Figure 3 includes a wavelet transform module, a memory module and a ConvLSTM cascade module. First, for each input original data xd, d ∈{0,1,2…}, apply wavelet transform to decompose it to a specific level L to obtain feature information on different scales, where d is the data dimension, Formally, in scale level l ∈ (1,…,L), the detail coefficient obtained by wavelet transform is \(W_{\varepsilon } = {W{{\!}_{\varepsilon _{1}}}}(l) + {W_{{\varepsilon _{2}}}}(l) + {\ldots } + {W_{{\varepsilon _{d}}}}(l)\), the approximate coefficient is \(W_{\beta _{1}} = {W_{{\beta _{1}}}}(l) + {W_{{\beta _{2}}}}(l) + {\ldots } + {W_{{\beta _{d}}}}(l)\). Next, the original data, detail coefficients and approximation coefficients are put into an independent convolution decoder, in order to fully extract the feature in time domain and frequency domain. The input of each convolutional decoder is xRDN or \(W(l) \in {R^{D*\frac {N}{{{2^{c}}}}}}\), setting the kernel size of the first convolution layer to D forces the convolution encoder to merge all dimensions to capture the global correlation between dimensions. Unified definition Xin is input data, Xout is the output data, so the output of the convolution decoder can be expressed as:

$$ {X_{out}} = f(A*{X_{in}} + b) $$
(8)
Fig. 3
figure 3

The overall structure of the model

Where f represents nonlinear mapping function, ∗ is the convolution operation, A and b are the parameters learned in the convolution encoder. Generally, the encoder and decoder form a symmetric structure through the neural network layer of reverse stacking. For the input sample X, The encoder \({f_{encoder}}\left (\cdot \right ):x \to z\) encodes data to obtain hidden vector z, then the original data is restored through the decoder, and the reconstruction error between the input data and the restored data is used to judge whether there is an anomaly. However, in the actual environment, the data imbalance and difference lead to the strong AE generalization ability, and the reconstruction error of some abnormal samples is very small. In this paper, the memory module [28] structure is introduced after the encoder. and stores a small number of latent vectors that can represent normal sample distribution into the memory module. In the test stage, The coding result of the test sample is used to retrieve the most similar latent vector Z for reconstruction. Therefore, when a test sample is an abnormal sample, its reconstruction error will increase. In essence, the memory module stores a matrix with the size of N times m, where n represents the number of n samples and M represents the feature dimension of samples. The memory addressing module is used to calculate the attention weight of the latent vector β, as shown in formula (9):

$$ {\beta_{i}} = \frac{{{e^{\cos \left( {z,{m_{i}}} \right)}}}}{{\sum\limits_{j = 1}^{N} {{e^{\cos \left( {z,{m_{j}}} \right)}}} }} $$
(9)

Where \({\cos \limits } (\cdot , \cdot )\) is the \({\cos \limits } \) distance similarity calculation function between any two vectors. mi represents a storage item in memory. The specific formula of \({\cos \limits } (\cdot , \cdot )\) is shown in (10).
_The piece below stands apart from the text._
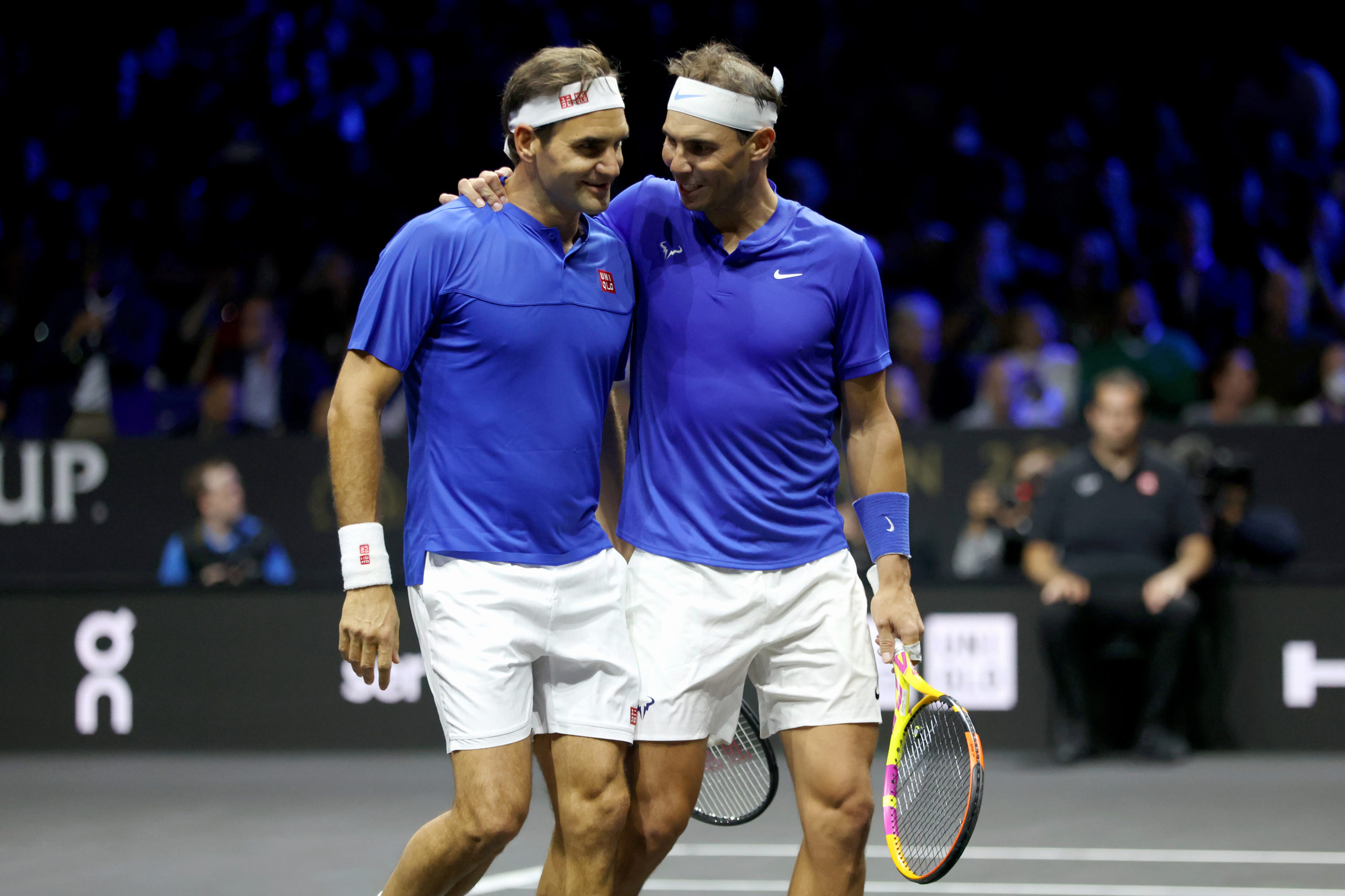 LONDON, ENGLAND - SEPTEMBER 23: Roger Federer and Rafael Nadal of Team Europe interact during the doubles match between Jack Sock and Frances Tiafoe of Team World and Roger Federer and Rafael Nadal of Team Europe during Day One of the Laver Cup at The O2 Arena on September 23, 2022 in London, England. (Photo by Clive Brunskill/Getty Images for Laver Cup)

$$ cos (z,{m_{i}}) = \frac{{z \cdot {m_{i}^{T}}}}{{{{\left\| z \right\|}_{2}}{{\left\| {{m_{i}}} \right\|}_{2}}}} $$
(10)

In practice, some exceptions are still well reconstructed, so hard shrinkage method is used to constrain β, as shown in formula (11).Where λ represents the set threshold, which is valid only when the attention weight is greater than this value, otherwise it is 0.
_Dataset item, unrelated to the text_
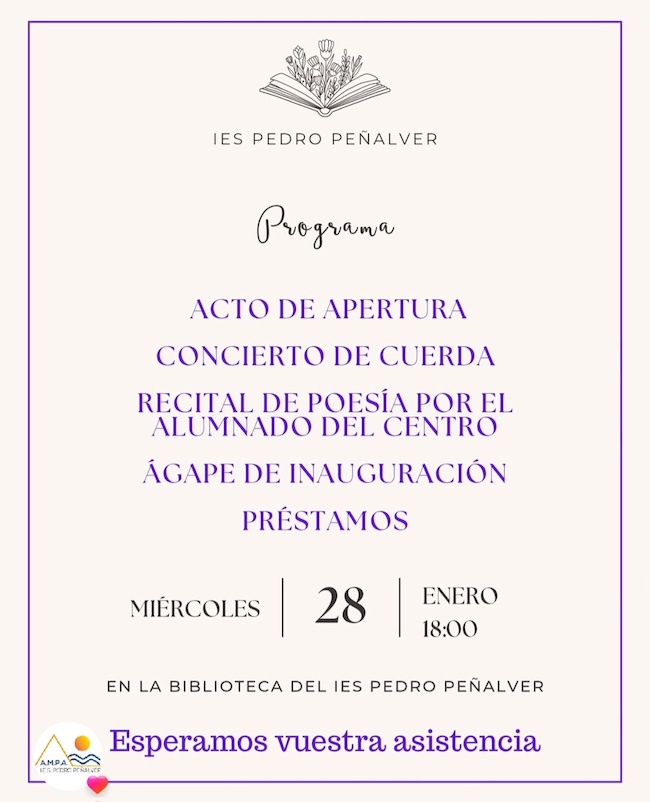 Hoy, coincidiendo con la festividad de Santo Tomás de Aquino, se inaugura en el IES Pedro Peñalver la iniciativa 'Biblioteca abierta' en un acto con estará enriquecido por un concierto de cuerda y un recital poético. Se trata de un proyecto que ha llevado a cabo el centro en colaboración con el AMPA y varias asociaciones de la localidad, destinado a promover la lectura, no solo entre el alumnado, sino también en familias y vecinos, poniendo a su disposición un fondo bibliográfico de más de cinco mil volúmenes.

$$ {\beta^{\prime}_{i}} = \left\{ {\begin{array}{c} {\frac{{\max \left( {{\beta_{i}} - \lambda ,0} \right)}}{{\left| {{\beta_{i}} - \lambda } \right| + \varepsilon }} \cdot {\beta_{i}},{\beta_{i}} > \lambda }\\ {0,{\beta_{i}} \le \lambda } \end{array} \lambda \in \left[ {\frac{{\text{1}}}{N},\frac{3}{N}} \right]} \right\} $$
(11)

Finally, the constrained attention weight and the basic implicit feature vector in the memory module are used to calculate \({z^{\prime }}\), as shown in formula (12).

$$ {z^{\prime}} =\beta \cdot M =\sum_{i = 1}^{N} {{\beta^{\prime}_{i}}{m_{i}}} $$
(12)

3.3 ConvLSTM cascaded structure

The main advantage of memory module is to increase the reconstruction error, since the hidden vector generated by encoder is fixed, the decoding effect of decoder is limited by the expression of hidden vector, and its performance may decrease as the sequence length increases. A cascade structure of ConvLSTM [29] is constructed to improve the decoder performance. As shown in Fig. 3, the output of each layer in the encoding stage is not only input to the next layer of convolution, but also input to a ConvLSTM layer. The result of each layer of deconvolution in the decoding stage is cascaded with the result generated by ConvLSTM and input to the next layer of deconvolution. Given the output XT,l of the l-th convolutional layer, and the previous hidden state ZT− 1,l So the current hidden state is updated to ZT,l = ConvLSTM(XT,l,ZT− 1,l) in the ConvLSTM layer. The specific formula for the ConvLSTM layer is as follows:

$$ {i_{T,l}} = \sigma ({b_{i,l}} + {W_{xi,l}} * {X_{T,l}} + {W_{zi,l}} * {Z_{T - 1,l}} + {W_{ci,l}} \circ {C_{T - 1,l}}) $$
(13)
$$ {f_{T,l}} = \sigma ({b_{f,l}} + {W_{xf,l}} * {X_{T,l}} + {W_{zf,l}} * {Z_{T - 1,l}} + {W_{cf,l}} \circ {C_{T - 1,l}}) $$
(14)
$$ \begin{array}{@{}rcl@{}} {C_{T,l}} = {f_{T,l}} \circ {C_{T - 1}} + {i_{t,l}} \circ \tanh ({b_{c,l}} + {W_{xc,l}} *\\ {X_{T,l}} + {W_{hc,l}} * {Z_{T - 1,l}} \end{array} $$
(15)
$$ {o_{T,l}} = \sigma ({b_{o,l}} + {W_{xo,l}} * {X_{T,l}} + {W_{zo,l}} * {Z_{T - 1,l}} + {W_{co,l}} \circ {C_{T - 1}}) $$
(16)
$$ {Z_{T,l}} = {o_{t,l}} \circ \tanh ({C_{T,l}}) $$
(17)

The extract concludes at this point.